1. Why use the Scales package
In general, large numbers in the millions and above are less readable if they're not separated by commas. Especially if your data contains a lot of large numbers, such as sales or financial data, making the numbers appear comma-separated can make the data more intuitive to understand. For example, 1000000rather than 1,000,000would be easier to read, right?
scales package's comma() function can use these Improve number readabilityin your code. If your code has comma()large numbers are automatically separated by commas.
2. Example usage in code
In the example code provided in this post, the scales package to make the axes and labels on the graph more readable.
# Show annual goals and performance in comma-separated format
labs(title = "Performance vs.
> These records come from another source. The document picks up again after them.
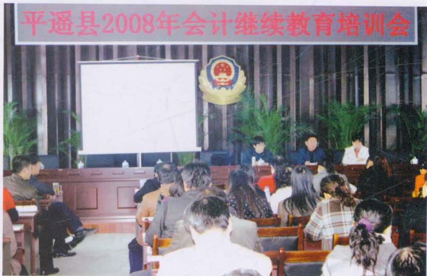
2008年会计继续教育培训会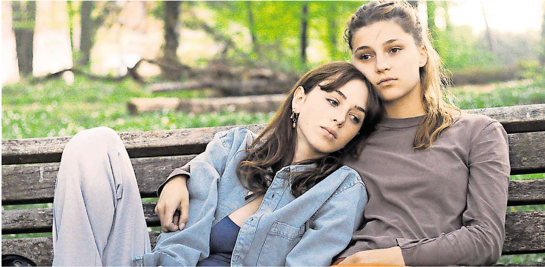
Szene aus „Rivière“.

magaScene Veranstaltungstipp: QUEERE FILMKUNST im Kino im Künstlerhaus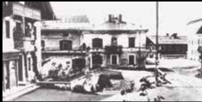
Die Innsbrucker Straße ca. 1914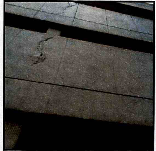
Fotografías 5 y 6. Fisuras en los enchapes de fachada de la edificación evaluada en la sede de la Cruz Roja -Seccional Cundinamarca y Bogotá.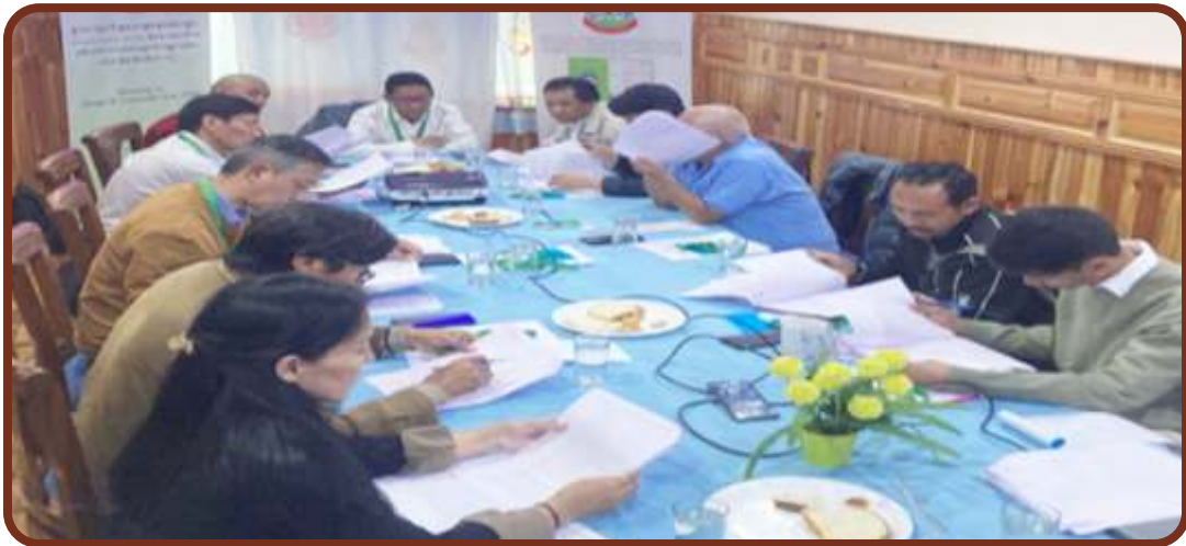
ཕྱི་ལོ་ ༢༠༡༩ ལྷན་ ༤ ཆེས་ ༥ ཉིན་རྒྱ་གར་གཞུང་གི་སྐྱོང་དང་སྐྱོང་ཚུལ་ཐོན་བསྐྱེད་ཁྲིམས་འཆར་ཐོག་ལྷན་ཚོགས་འདུ་ཚོགས་བཞེས་པའི་རྣམས་ལ།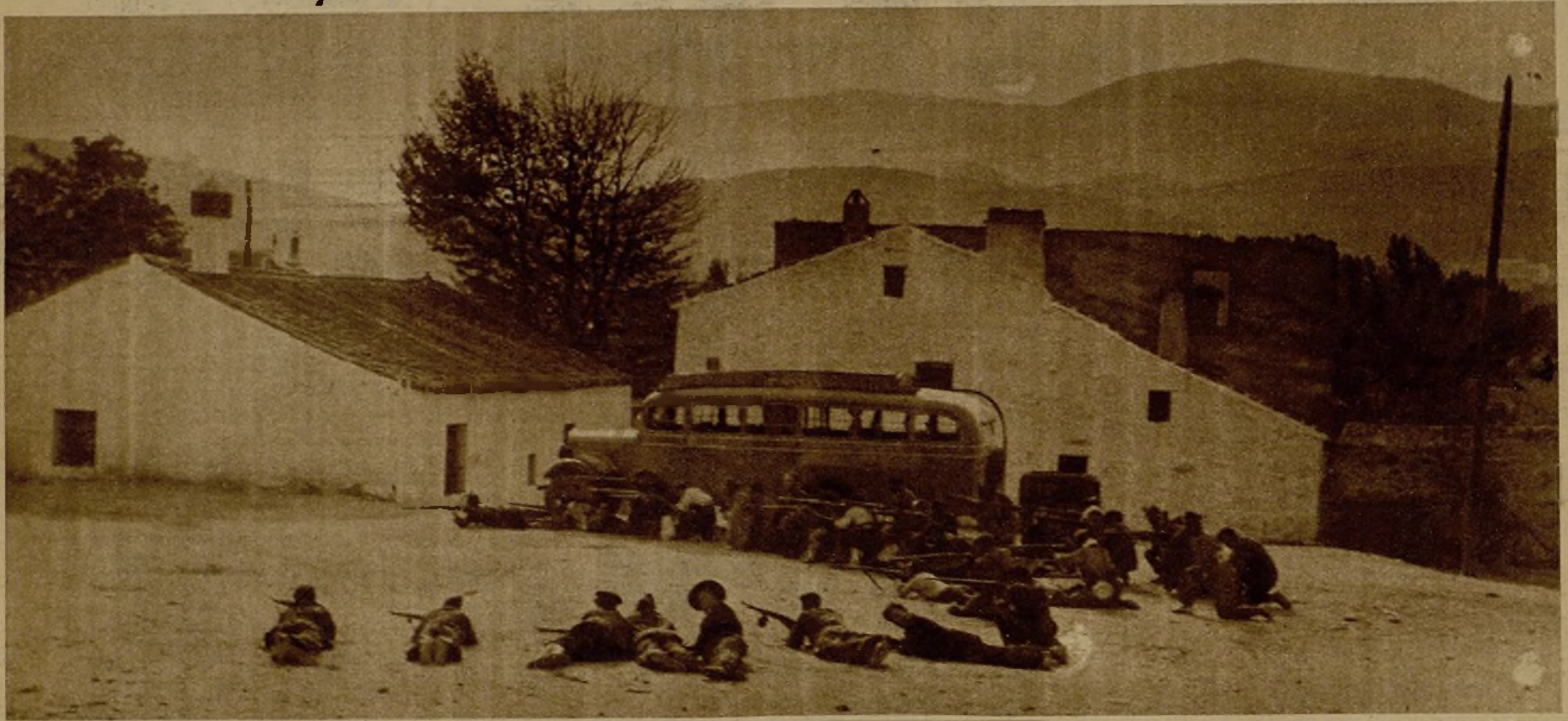
Las avanzadas de milicianos que luchan en el frente de la Sierra dan constantemente admirables pruebas de heroísmo, lanzándose con ejemplar entusiasmo a la persecución del fugitivo enemigo. He aquí una guerrilla despejando de facciosos la entrada de un pueblo que a poco fué tomado por nuestras tropas.

Goal Graph",
subtitle = paste("Annual Goal:", comma(annual_goal), "KRW, Annual Achievement:", comma(round(annual_achievement)), "KRW\nAchievement Rate:", round(achievement_rate, 2), "%"),
x = "Month", y = "Cumulative Sales (KRW)")In this code, the comma(annual_goal)and comma(round(annual_achievement))to ensure that the annual goal and performance values are output in comma-separated format.
In addition, the number on the y-axis is also comma()to display them in comma-separated format:
scale_y_continuous(labels = comma, limits = c(0, max(c(annual_goal, annual_achievement)) * 1.2))This will output all numbers displayed on the y-axis in comma format, which greatly improves readability.
3. summarize the benefits of the Scales package
- Improve readability: Separates large numbers with commas to make them easier to read.
- Simplify your code:
comma()Easily format large numbers with a single function. - Increase data intuitiveness: Consistently format numbers so you can intuitively understand your data.